Data items:
----------

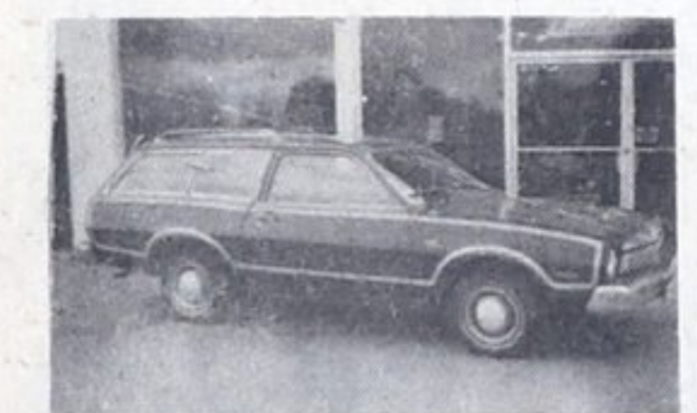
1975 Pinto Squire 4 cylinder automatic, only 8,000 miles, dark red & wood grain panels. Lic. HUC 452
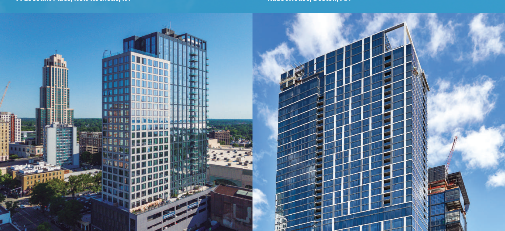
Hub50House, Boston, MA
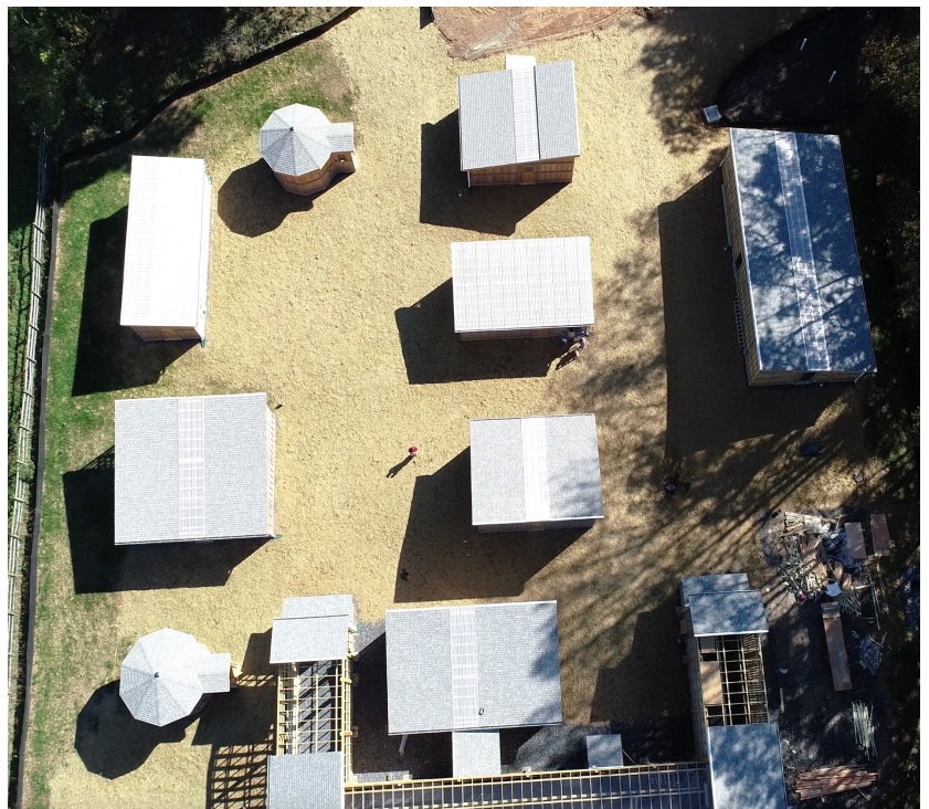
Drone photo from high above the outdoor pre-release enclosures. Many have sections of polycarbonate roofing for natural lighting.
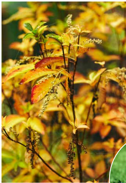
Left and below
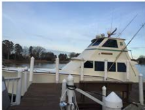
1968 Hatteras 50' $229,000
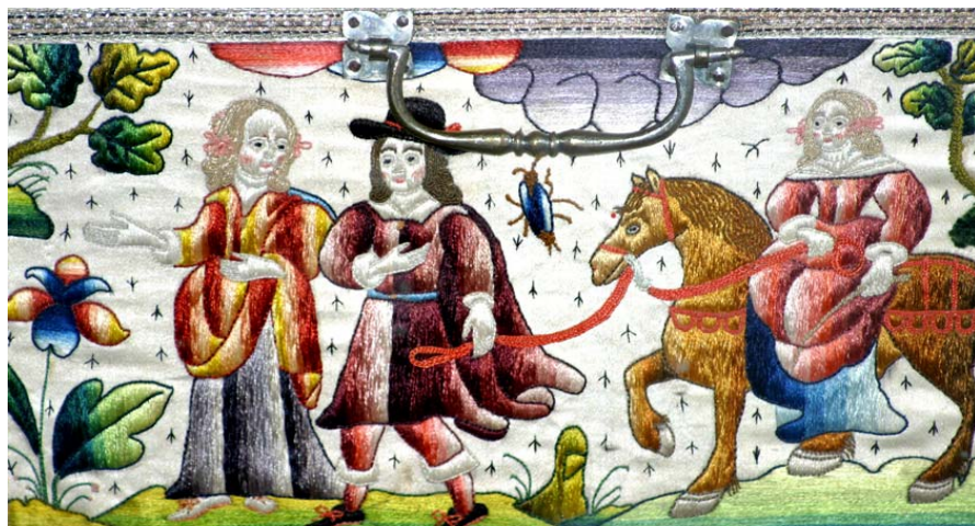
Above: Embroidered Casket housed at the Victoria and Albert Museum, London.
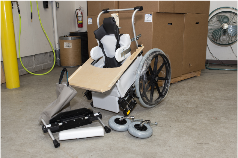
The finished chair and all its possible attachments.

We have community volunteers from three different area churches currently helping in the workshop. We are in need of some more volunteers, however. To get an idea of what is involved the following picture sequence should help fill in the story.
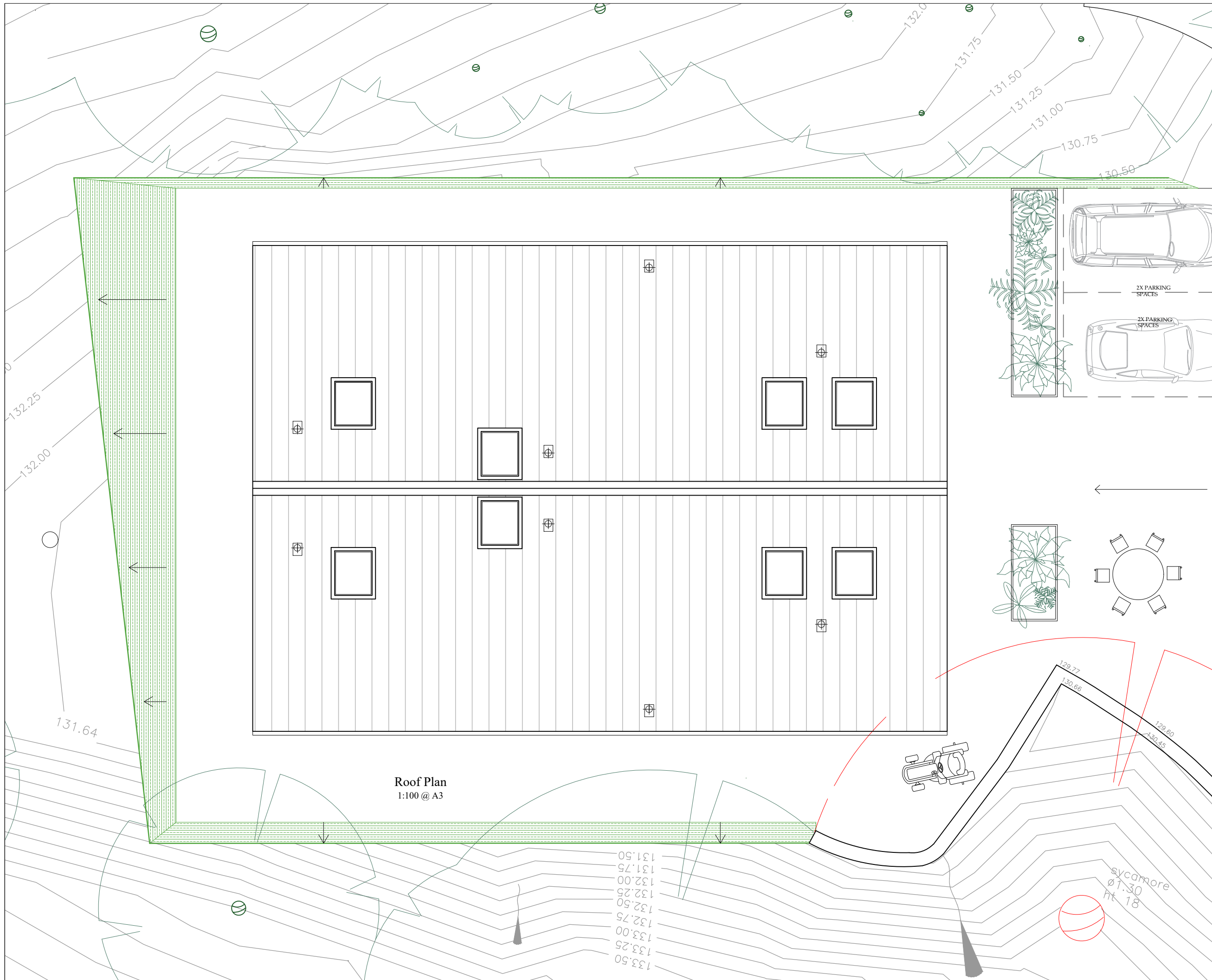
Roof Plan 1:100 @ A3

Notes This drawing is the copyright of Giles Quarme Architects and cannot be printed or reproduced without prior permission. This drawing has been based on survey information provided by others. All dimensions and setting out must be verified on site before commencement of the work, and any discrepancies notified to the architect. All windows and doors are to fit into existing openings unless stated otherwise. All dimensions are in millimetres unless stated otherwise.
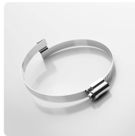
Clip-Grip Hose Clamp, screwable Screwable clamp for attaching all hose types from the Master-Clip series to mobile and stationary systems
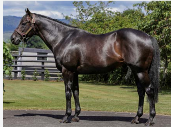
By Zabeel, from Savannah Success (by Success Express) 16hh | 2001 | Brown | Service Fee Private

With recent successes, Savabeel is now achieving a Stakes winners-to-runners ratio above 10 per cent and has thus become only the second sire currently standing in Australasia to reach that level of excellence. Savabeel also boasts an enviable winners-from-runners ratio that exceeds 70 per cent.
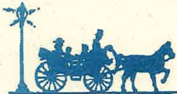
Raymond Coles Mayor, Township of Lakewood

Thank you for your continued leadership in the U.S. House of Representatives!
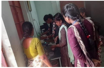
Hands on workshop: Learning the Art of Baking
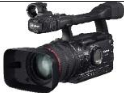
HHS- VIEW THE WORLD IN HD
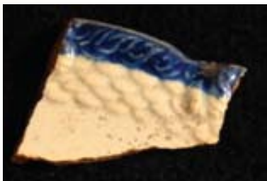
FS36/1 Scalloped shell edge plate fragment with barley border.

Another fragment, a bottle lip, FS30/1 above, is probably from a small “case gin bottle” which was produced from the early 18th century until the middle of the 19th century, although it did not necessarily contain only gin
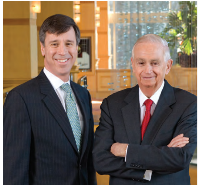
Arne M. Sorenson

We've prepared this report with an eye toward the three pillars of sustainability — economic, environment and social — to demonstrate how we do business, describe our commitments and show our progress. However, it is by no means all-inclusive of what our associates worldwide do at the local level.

----------

* **Assignment**: Return the stretch of data that begins with the line showing "Clip-Grip Hose Clamp, screwable" and goes on through the line showing "HHS- VIEW THE WORLD IN HD", exactly, with pictures removed.

* **Task output**:
Clip-Grip Hose Clamp, screwable Screwable clamp for attaching all hose types from the Master-Clip series to mobile and stationary systems
By Zabeel, from Savannah Success (by Success Express) 16hh | 2001 | Brown | Service Fee Private

With recent successes, Savabeel is now achieving a Stakes winners-to-runners ratio above 10 per cent and has thus become only the second sire currently standing in Australasia to reach that level of excellence. Savabeel also boasts an enviable winners-from-runners ratio that exceeds 70 per cent.
Raymond Coles Mayor, Township of Lakewood

Thank you for your continued leadership in the U.S. House of Representatives!
Hands on workshop: Learning the Art of Baking
HHS- VIEW THE WORLD IN HD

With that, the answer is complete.